這也會導致python包路徑獲取不完整,因為通過dists=importlib.metadata.distributions()獲取的包名(例如 pycryptodome )和實際的模塊名(例如 Crypto )不一樣,在package_dir=importlib.resources.files(package_name)這一步是靠先import來找文件的,所以會直接報錯。
該問題可以使用importlib_metadata.packages_distributions來解決,這個API返回的是每個分發包的包名和可import模塊的映射
當前發現的問題
依賴缺失
這種情況不一定是問題,因為部分模塊只是被弱依賴,也就是沒有他們也能正常運行。
可選模塊
In package urllib3, file /usr/lib/python3.11/site-packages/urllib3/response.py imports brotli which is not in dependencies.
try:
try:
import brotlicffi as brotli
except ImportError:
import brotli
except ImportError:
brotli=None
還有比如測試代碼,也會有一些依賴缺失,這些優先級不高
In package zake, file /usr/lib/python3.11/site-packages/zake/test.py imports testtools which is not in dependencies.
上游開發問題
還有就是真的是上游沒有寫好依賴,比如urllib3這個包。
In package urllib3, file /usr/lib/python3.11/site-packages/urllib3/contrib/appengine.py imports google which is not in dependencies.
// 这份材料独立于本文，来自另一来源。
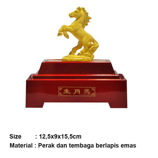 Patung Shio Kuda Mini Pajangan Kuda Lapis Emas 24k Hadiah Premium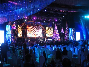 That evening, guests arrived dressed in ‘Geek Chic' attire for the recognition dinner. Following a cocktail hour, guests entered a ballroom that Empire had transformed into a space-aged fantasy. Square tables set with dark grey linens, silver chargers and square glass centerpieces sat arrayed in lines below a light ceiling in blue chase lights. Each centerpiece glowed with white pin-spotting. Looping footage of high resolution space animations ran on dual projection screens while beams of cobalt blue lighting slowly tracked the room. The evening featured a keynote address and Q&A by the company's chairman followed by a set of side-splitting humor by former Saturday Night Live player and Wayne's World star, Dana Carvey.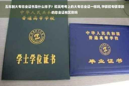 3,不同点:毕业证内容有一点区别,主要体现在学制上,高中参加高考的大专,内容里面只有“三年制专科”字样;五年制毕业证上会注明“初中起点五年制专科”字样,注意关键在于“初中起点”几个字,用人单位一看毕业证就知道是初中毕业读的五年制大专。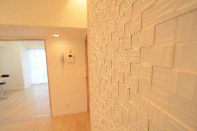 壁面にはライディングレールで照らされたデザインタイルが貼られていてオシャレな空間になっています。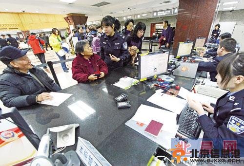 昨天上午,北京晨报记者来到市出入境管理总队接待大厅,在27号窗口有两位白发苍苍的老者正在办理出入境证件。这对老夫妇是和子女到香港旅游,之前就办理过港澳通行证但已

In package urllib3, file /usr/lib/python3.11/site-packages/urllib3/contrib/socks.py imports socks which is not in dependencies.
In package urllib3, file /usr/lib/python3.11/site-packages/urllib3/contrib/pyopenssl.py imports OpenSSL which is not in dependencies.
In package urllib3, file /usr/lib/python3.11/site-packages/urllib3/contrib/pyopenssl.py imports idna which is not in dependencies.
In package urllib3, file /usr/lib/python3.11/site-packages/urllib3/contrib/pyopenssl.py imports cryptography which is not in dependencies.
In package urllib3, file /usr/lib/python3.11/site-packages/urllib3/contrib/ntlmpool.py imports ntlm which is not in dependencies.
再比如tox缺失了部份依賴
tox==4.10.0
├── cachetools [required: Any, installed: 5.3.1]
├── chardet [required: >=5.2, installed: 5.2.0]
├── colorama [required: >=0.4.6, installed: 0.4.6]
├── filelock [required: Any, installed: 3.12.4]
├── packaging [required: Any, installed: 23.1]
├── platformdirs [required: Any, installed: 2.5.4]
├── pluggy [required: Any, installed: 1.3.0]
├── pyproject-api [required: Any, installed: 1.5.1]
│ └── packaging [required: >=23, installed: 23.1]
└── virtualenv [required: >=20, installed: 20.21.1]
├── distlib [required: >=0.3.6,<1, installed: 0.3.7]
├── filelock [required: >=3.4.1,<4, installed: 3.12.4]
└── platformdirs [required: >=2.4,<4, installed: 2.5.4]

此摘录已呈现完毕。